/trillian

Trillian is a project whose aim is to bridge the gap between astrophysical models and the vast amount of publicly available astronomical data.

Primary LanguagePythonOtherNOASSERTION

Trillian

An All-Sky, Multi-wavelength Astronomy Computational Engine

Trillian is a project whose aim is to bridge the gap between astrophysical models and the vast amount of publicly available astronomical data.

Its principle features include:

  • a distributed data scheme
  • distributed computation
  • integrated API access to disparate data

A more detailed descripton of the project can be found here: http://trillianverse.org.

An arXiv paper by Demitri Muna and Eric Huff that describes Trillian in more detail can be found here: arXiv:1402.5932.

Links

Project home page: http://trillianverse.org
Mozilla ScienceLab Collaborate page: http://trillianverse.org
Mailing list: https://groups.google.com/forum/#!forum/trillianverse

Dependencies

Server Software
Python packages

Division of Sky with HEALPix

Trillian divides the sky using the HEALPix scheme, which defines equal area regions on a sphere. Each HEALPix region is represented on the server by a one-to-one mapping to a “trixel”: a discrete collection of all data available for that HEALPix region. In other words, data of all wavelengths of a particular part of the sky is located in the same place. Trillian uses the “nested” HEALPix scheme.

Sky Coverage

The Trillian server has ~30TB of disk space, which is certainly not enough for all-sky coverage while trying to include even the most popular data sets. However, full-sky coverage is not necessary as a proof of concept. Two regions on the sky have been chosen initially: SDSS’s Stripe 82 and the Kepler field, selected as they have been heavily studied and are good representative regions for both extragalactic and Galactic science. Data covering as many wavelengths as possible will be collected for these areas.

Current Development Goals

The first milestone is to provide an arbitrarily simple model to Trillian, have the framework apply that model to all objects available, and return a likelihood value for each one. Current tasks include:

  • Initialize the server with the coarsest resolution of HEALPix regions/trixels.
  • Define the structure of each trixel (the storage on disk representation of each HEALPix region). This will include a schema for each data set (e.g. SDSS, WISE, etc.) in a shared database on each node, indexing of image data, etc.
  • Define an API for accessing data between nodes.
  • Implement a Docker VM that can accept a user-supplied Python program to be run on nodes.
  • Define the API for the user-supplied Python code. This code will accept data in a defined format (limited on the first pass to magnitudes, spectra, and raw pixel data), and return a likelihood value that the provided data fits the model represented by the code.
  • Define a job queue system (built on Redis?) for communication between the central server and the nodes.

Support

Contact

The Trillian project is currently seeking collborators. If you are interested in contributing to this project, please contact Demitri Muna.


Historical Notes

Mozilla Science Sprint (22 July 2014)

Much of the open data conversation focuses on distributing data - how to make data easily available for local replication. But, some fields have datasets that are so enormous, transferring and storing additional copies for every user is prohibitively expensive and slow. Instead, we'd like to explore distributed analysis - pushing analysis scripts to the data, rather than pulling the data to us. The experiments on CERN's LHC set a very successful precedent for this model at the largest scale; one of Trillian's early goals is to achieve this functionality with much lower infrastructural overhead.

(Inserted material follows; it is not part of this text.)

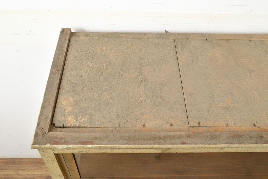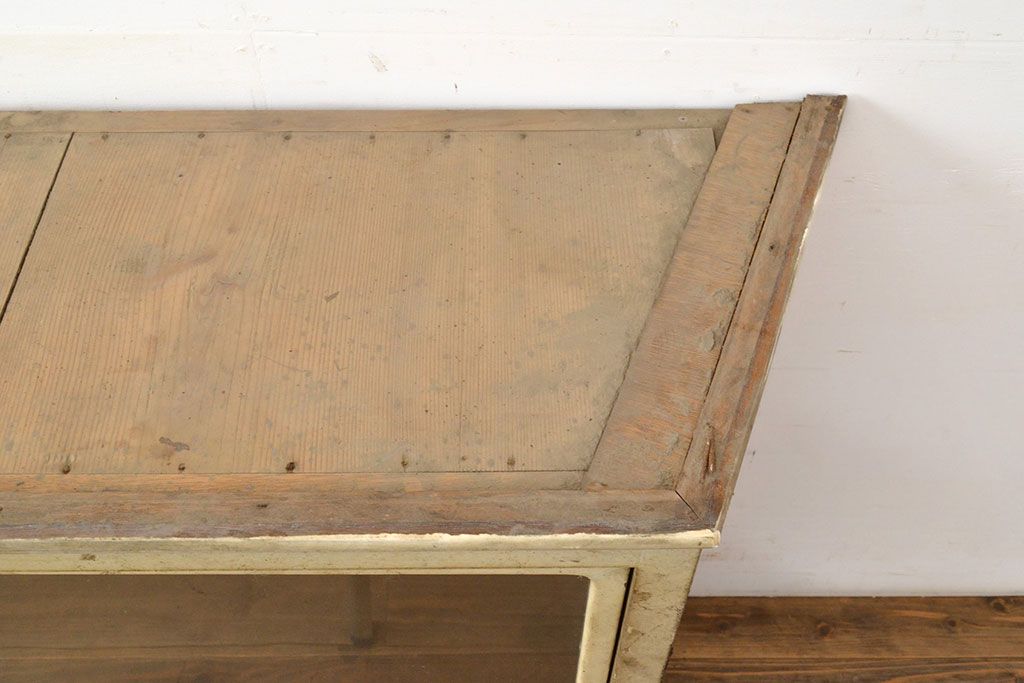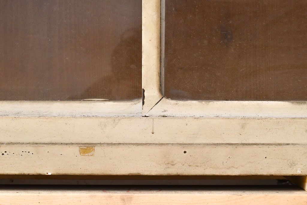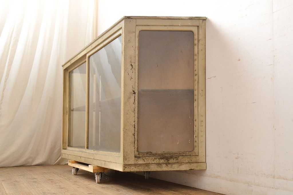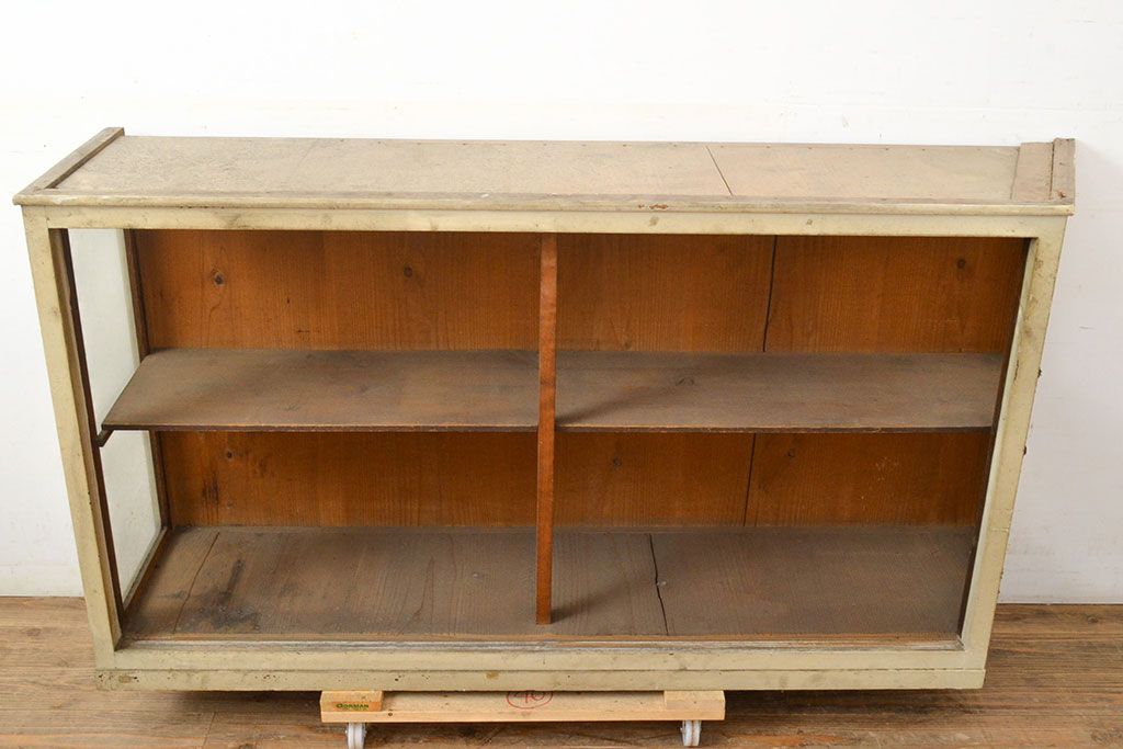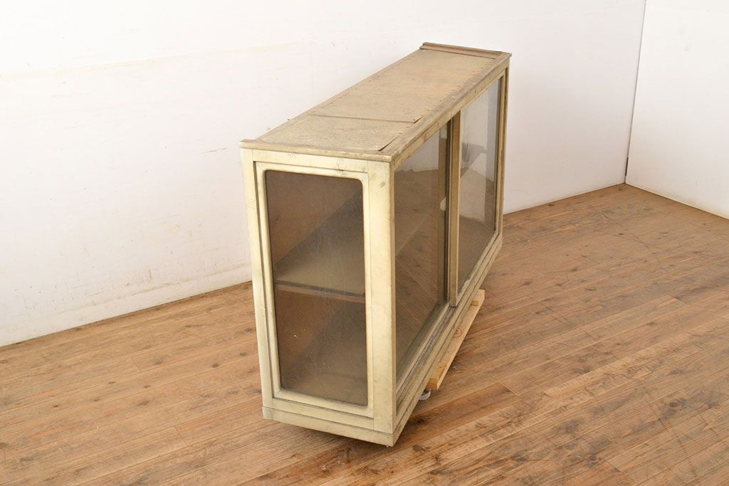 お問い合わせいただければ、優先してアップいたします。和製アンティーク 台形型がユニーク!シャビーなペイントがお洒落な3面ガラスの戸棚(収納棚、キャビネット)(R-051117)です。

For the sprint, we'd like to start exploring a basic Python implementation of a distributed analysis framework. Our core goals are:

  • resolve which of a list of hosts are eligible to run a job, based on data availability
  • send a Python script to an eligible host for execution
  • return the analysis result to the initiating user.

Stretch goals include:

  • An exploration of security implications and procedures; how do we mitigate the risk of malicious code being executed on the analysis hosts?
  • Smart job queueing: beyond simple data availability, provide job allocation based on available processing power, connection speed, other variables.